* Work task *
For this exercise, output the entries below exactly from the line that holds "Luxury navy Blue" to the line that holds "Situé sur la", both ends included. No pictures belong in the copy.

* Records provided *

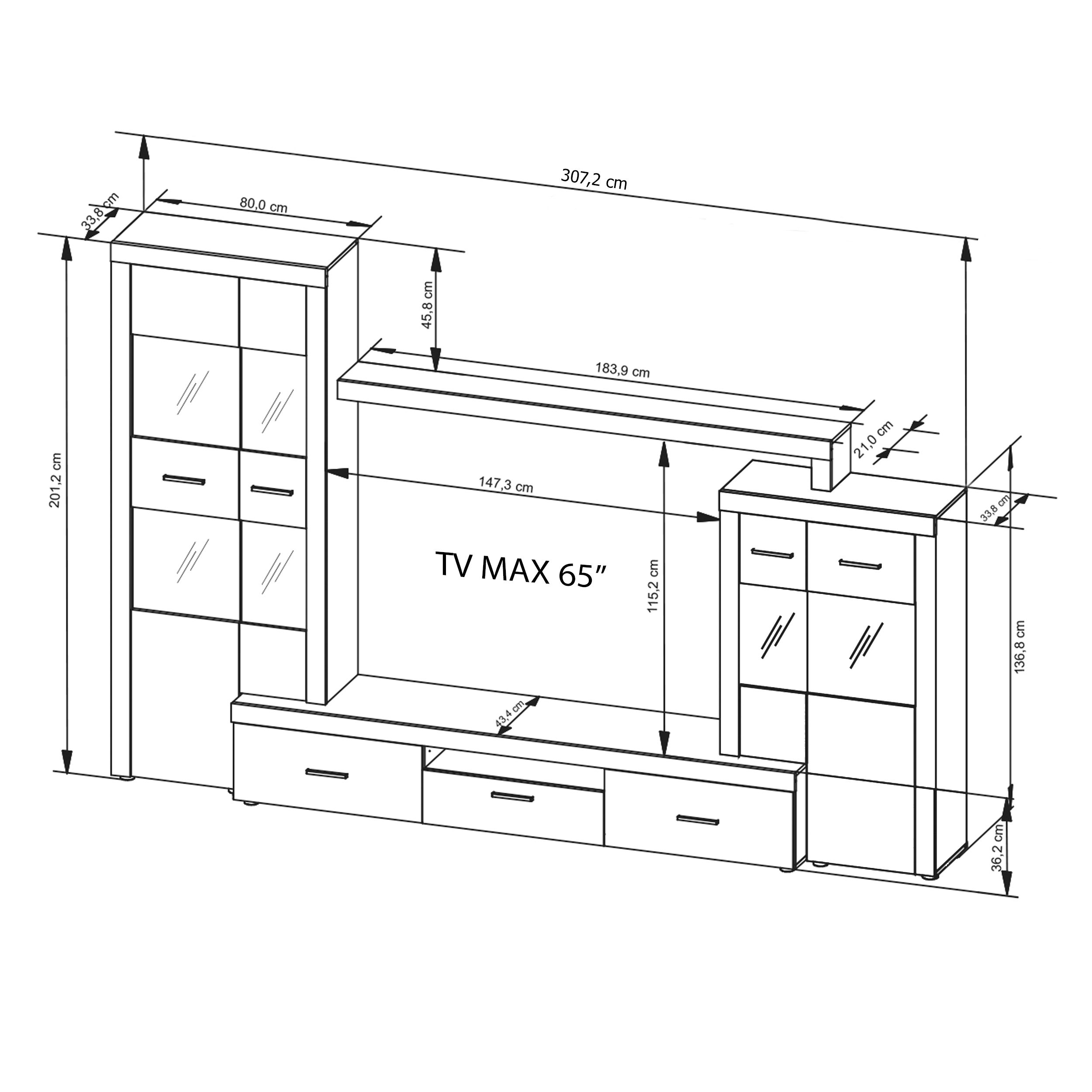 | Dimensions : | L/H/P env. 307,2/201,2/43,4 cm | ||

---

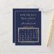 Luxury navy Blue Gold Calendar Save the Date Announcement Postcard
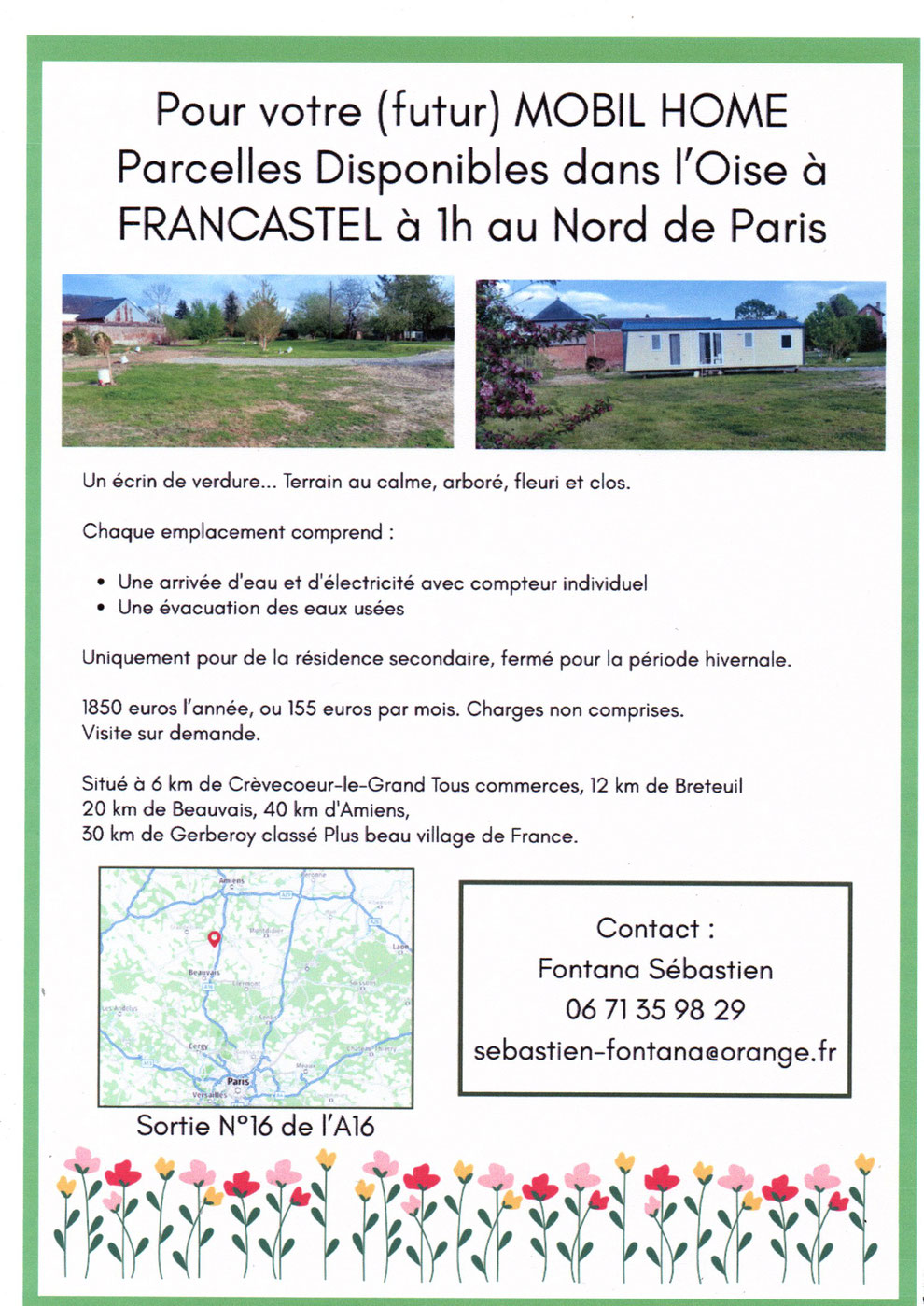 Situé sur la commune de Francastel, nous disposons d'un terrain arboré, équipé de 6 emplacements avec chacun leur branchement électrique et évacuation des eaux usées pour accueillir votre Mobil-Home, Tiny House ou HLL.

* Output for this task *
 Luxury navy Blue Gold Calendar Save the Date Announcement Postcard
 Situé sur la commune de Francastel, nous disposons d'un terrain arboré, équipé de 6 emplacements avec chacun leur branchement électrique et évacuation des eaux usées pour accueillir votre Mobil-Home, Tiny House ou HLL.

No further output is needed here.